O cardeal arcebispo de São Paulo, dom Odilo Scherer, tem se colocado ao lado do prefeito João Doria na defesa da distribuição dos alimentos liofilizados, popularmente conhecidos como “ração para pobre”.
Perdendo na política, Doria recorreu ao que há mais de velho na política: a legitimação ideológica da Igreja.
Talvez o papa Francisco não concordasse com a ideia mas, por alguma razão, o arcebispo deu a bênção ao projeto de Doria. Se você não se lembra quem é o arcebispo, os Jornalistas Livres lembram (e ao que tudo indica, os estudantes da Pontifícia Universidade Católica de São Paulo e o Papa Francisco também).
Em 2012, dom Odilo nomeou como reitora a professora Anna Cintra, última colocada na eleição interna da universidade. Foi a primeira vez que o primeiro colocado da lista tríplice não foi indicado para ocupar a vaga. No dia 12 de março de 2013, ele participou do Conclave Papal, na Capela Sistina, na cidade do Vaticano, na condição de um forte candidato a sucessor de Bento XVI, que havia renunciado dias antes. Foi derrotado pelo cardeal Jorge Mario Bergoglio, arcebispo metropolitano de Buenos Aires, o papa Francisco. Em 2014, foi a vez do papa Francisco impor mais uma derrota a dom Odilo e outros três cardeais que integravam a comissão que supervisionava o Banco do Vaticano, após diversas denúncias de corrupção na instituição.

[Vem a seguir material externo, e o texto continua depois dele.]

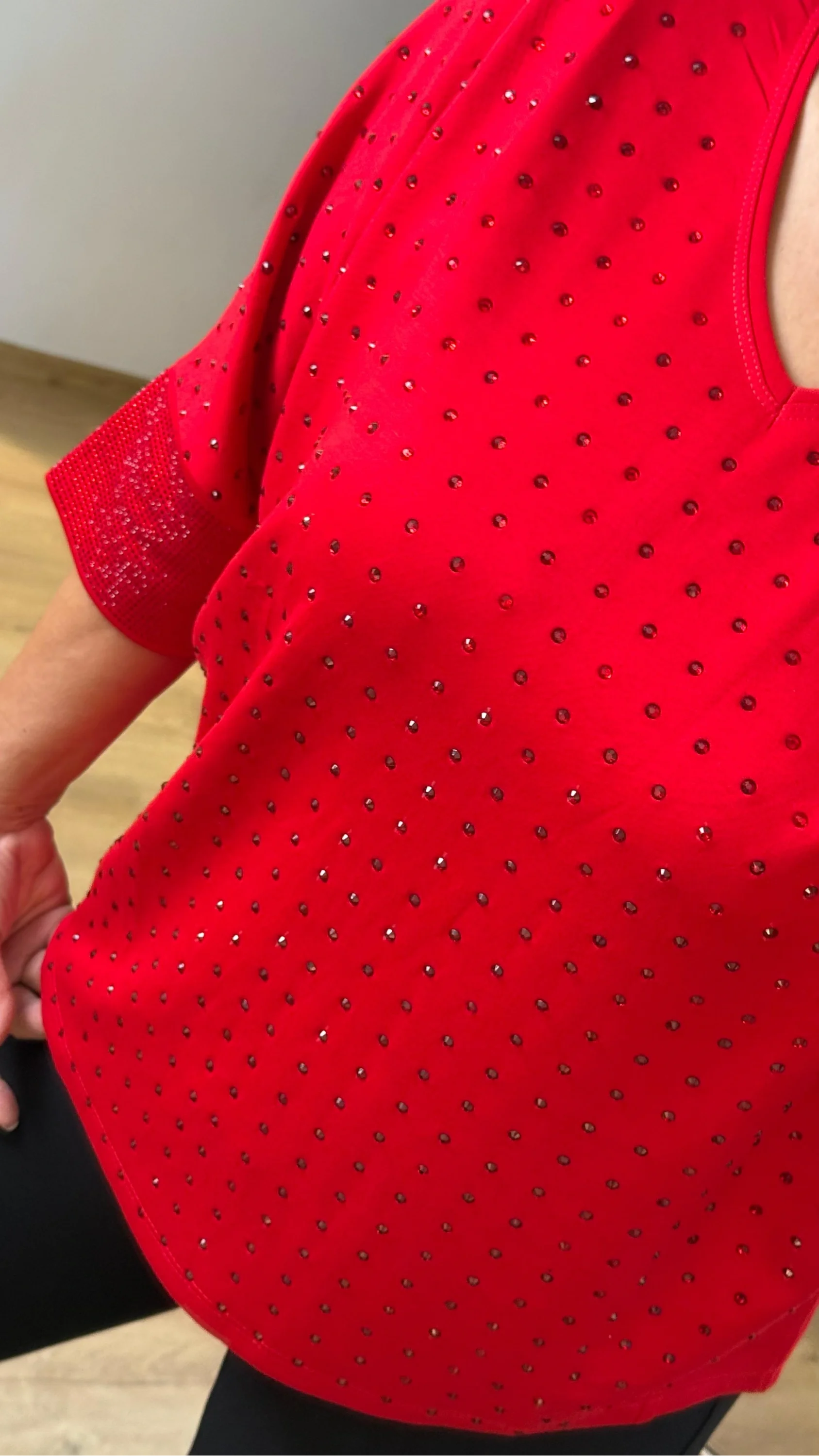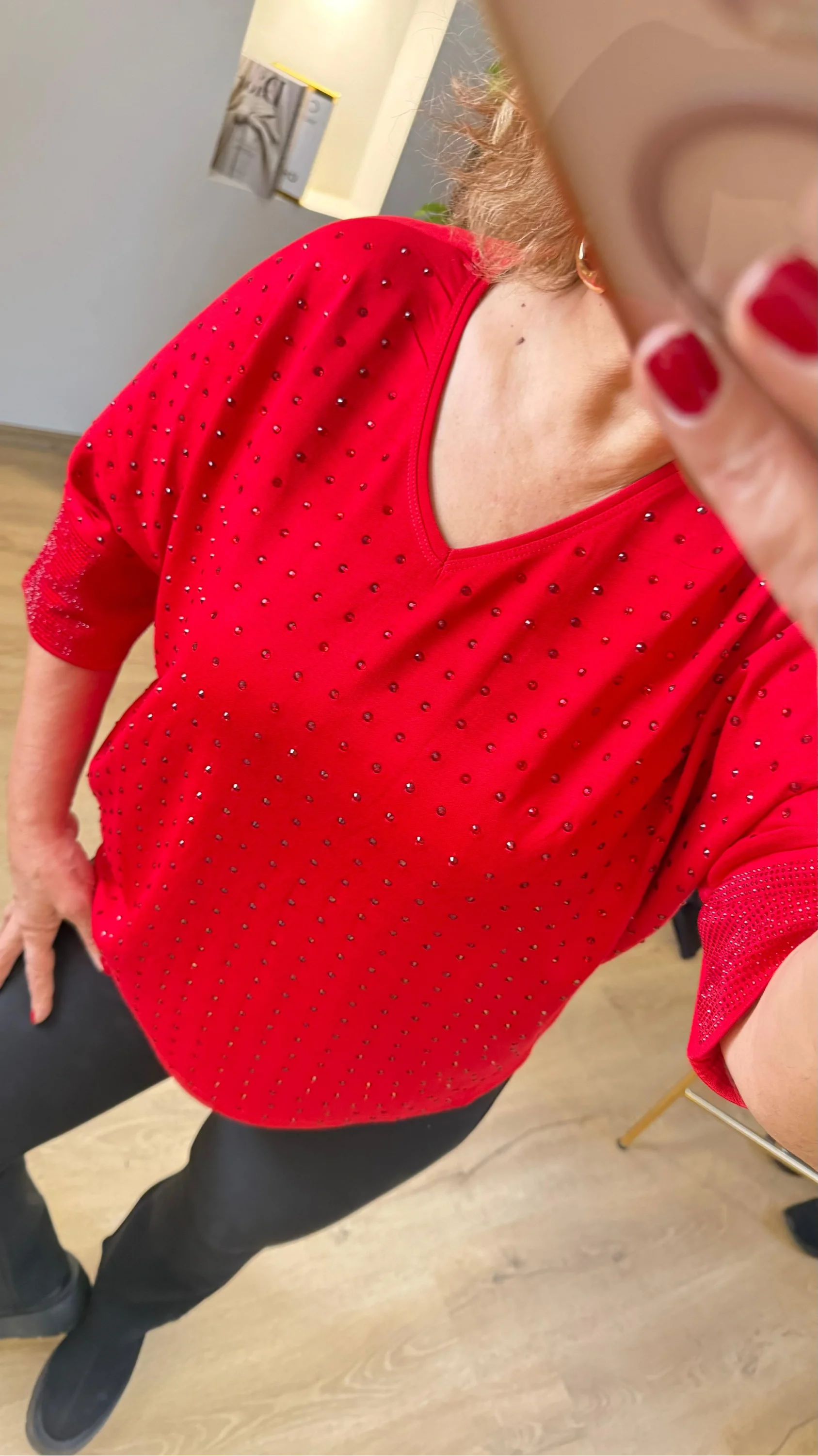 Kırmızı Taşlı V Yaka Bluz 000296-1
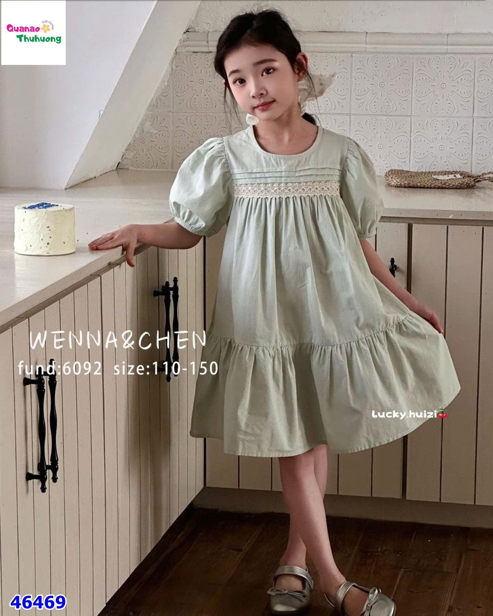 - Dáng đầm xòe nhẹ, tay con – mặc thoải mái, không gò bó, bé yêu tha hồ vận động.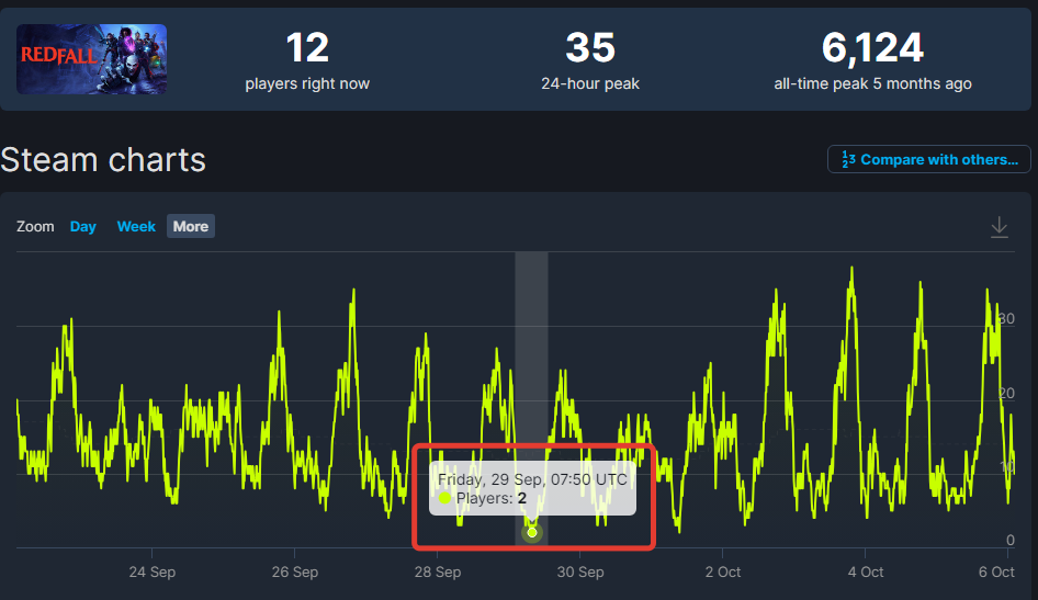 Вампирский шутер Redfall переживает не лучшие времена: если на старте пиковый онлайн игры превышал 6 тысяч одновременно активных пользователей, то на момент написания этих строчек охотой на вампиров промышляют всего 12 человек. И это не самый нижний предел; 29 сентября в определенный момент в Redfall играло всего 2 человека.

João Doria, entre a cruz e a espada, foi obrigado a recuar. Deus sabe quais acordos estavam por trás da “ração” de Doria e dom Odilo, mas é certo que o prefeito não desistiu totalmente da ideia e já anunciou que voltará à carga, oferecendo a tal “farinata” (o nome italiano é a mais ridícula gourmetização do Bonzo) aos moradores de rua. Por que não desistiu da proposta? E a licitação? Doria parece não querer desperdiçar o “alimento” feito com alimentos desperdiçados. Por se colocar contra este projeto, a vereadora paulistana Sâmia Bomfim (PSOL) foi hostilizada pelo prefeito.
Não se sabe do que é feita a ração. Qual o seu conteúdo nutricional. Como sua qualidade será controlada. Um adulto diabético pode ingeri-la? Alguém com intolerância a lactose pode consumi-la? Um vegetariano? E os alérgicos? A ração do Doria é na verdade um projeto canhestro de gestão da fome. Não dá autonomia alimentar e dignidade ao pobre, mas o humilha com um composto seco à moda dos alimentos para cães. Falta a Dória tanta ética como transparência na proposta da ração.
No fim, Doria parece ter perdido. Nem a igreja conseguiu salvar a alma do projeto.
Não consigo não lembrar daquele trecho bíblico que ensina a fazer aos outros o que desejamos que nos façam. Será que Doria, Scherer e seus apoiadores comeriam a ração que desejavam distribuir?